DVD of the Week: Come and Get It

Several months ago, I admitted my enduring enthusiasm for “Come and Get It,” the 1936 historical drama by Howard Hawks; I discuss the film in the clip above. It’s set in a Wisconsin logging company and deals both with the American past (the movie’s two parts take place, respectively, in 1884 and 1907) and, to some extent, with the director’s own past (Hawks claimed that his grandfather was one of the logging tycoons depicted in the novel by Edna Ferber on which the movie is based). I wrote previously about the brilliant performance by Frances Farmer, in her first starring role—a double role, as the saloon waitress with whom the young, ambitious foreman Barney Glasgow falls in love in 1884, and as her daughter, with whom he falls in love twenty-three years later. I didn’t say anything about Walter Brennan, who won an Academy Award for Best Supporting Actor for his performance as Barney’s best friend, the Swedish immigrant Swan Bostrom. (Brennan, who had acted in Hawks’s “Barbary Coast” the year before, was something of a fetish for Hawks, who later graced him with superb supporting roles in “To Have and Have Not,” “Sergeant York,” “Red River,” and “Rio Bravo.”)

Most of all, what I didn’t mention was the exquisite visual and gestural wit that Hawks applies to situations where sentiment looms. His strong strain of emotion stays mainly under the surface, which he adorns with a touch of comedy. His antic tropes and tics both mask and suggest earnest feelings and symbolize, in a classically Freudian way, what he couldn’t express or his characters couldn’t know. In “Come and Get It,” Swan’s exuberant splay-legged leaps into Barney’s arms, the taffy-pulling of a pair of lovers, a step over which visitors trip in Barney’s office, and the play with a child’s toy that leaven a grave discussion between father and daughter about love and sex are just a few of the whimsical devices of Hawks’s invention that resound uncannily in the mind’s more peculiar recesses. It’s a crucial and emblematic element of the director’s artistry; it amplifies every aspect of his films—not least, the actors’ performances. It’s a kind of artifice that, in its extravagance, is as odd and unpredictable as life itself, and that contributes greatly to his films’ air of psychological authenticity and insight.

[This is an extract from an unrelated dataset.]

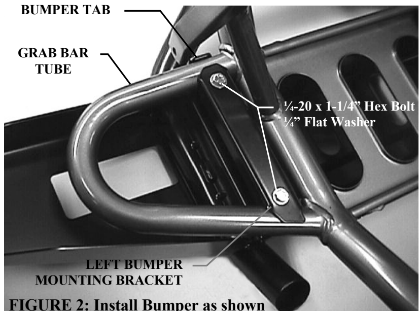
FIGURE 2: Install Bumper as shown

See Light Installation instructions, if equipped, to complete installation.

In the clip, I talk about the particulars of “Come and Get It”; I can as readily imagine offering a clip with highlights of Hawksian tricks and twists that would both catalogue their varieties and begin to unfurl their densely compacted substance.

P.S. I’m grateful to Jaime N. Christley, whom I follow on Twitter, for reminding me of a curious detail concerning “Come and Get It.” It’s a story that Todd McCarthy tells in his biography of Hawks and that Hawks tells Peter Bogdanovich in “Who the Devil Made It.” The film’s producer, Samuel Goldwyn, was ill and didn’t supervise Hawks closely; the director drastically rewrote the script, Goldwyn was unhappy with the results, and, near the end of shooting, intervened, replacing Hawks with William Wyler, who directed the last sequences. Wyler’s visual imprint shows there, particularly in the use of contrasty, painterly lighting and of a deep-focus shot to capture a grand dramatic moment. His emotional imprint shows too—these scenes are more overtly sentimental than the rest of the movie, and the climactic fight between the protagonist and his son is terribly softened. (In “Red River,” which Hawks shot mainly in 1946, he showed how such a scene should be done.)